▸ Supplied material

<<<<

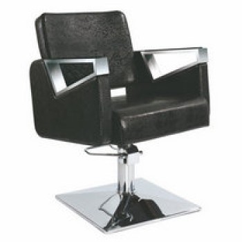 All new modern salon chair hairdressing equipment design with clean lines and squared arms. Chrome base and European style T-shaped footrest for maximum support. Durable hydraulic matching chrome base with angled design. Supports up to 325 lbs. with adjustable height.
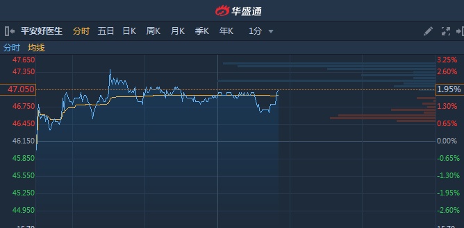 港股异动︱午后现大手成交涉资2.21亿 平安好医生(01833)涨近2%
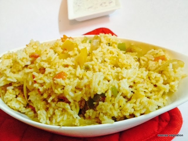 I love to use the tricoloured bell peppers whenever available. Earlier we would see that only in magazines but now we find it across all seasons .For the fourth week of BM #34, I will be blogging about capsicum dishes. For day one it is an one pot meal, easy to prepare with lots of flavours and lovely colours.
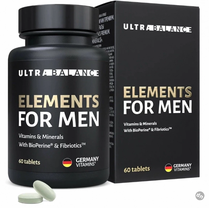 Elements for Men Premium от UltraBalance — это топ бад для суставов и не только: мощная формула для мужского организма работает по всем фронтам. Здесь и BioPerine, ускоряющий усвоение витаминов, и Fibriotics — пребиотик с ферментированной смесью из 36 овощей и фруктов, который влияет на микробиом, метаболизм и иммунитет. Комплекс помогает восстановиться после нагрузок, улучшает мозговую активность, борется с утомляемостью и даже тормозит выпадение волос. Всё продумано, вплоть до оболочки без диоксида титана.

>>>>

▸ Exercise aim
From the first line above to the line containing "I love to use", repeat each line exactly. Pictures stay out.

▸ Your solution
 All new modern salon chair hairdressing equipment design with clean lines and squared arms. Chrome base and European style T-shaped footrest for maximum support. Durable hydraulic matching chrome base with angled design. Supports up to 325 lbs. with adjustable height.
 港股异动︱午后现大手成交涉资2.21亿 平安好医生(01833)涨近2%
 I love to use the tricoloured bell peppers whenever available. Earlier we would see that only in magazines but now we find it across all seasons .For the fourth week of BM #34, I will be blogging about capsicum dishes. For day one it is an one pot meal, easy to prepare with lots of flavours and lovely colours.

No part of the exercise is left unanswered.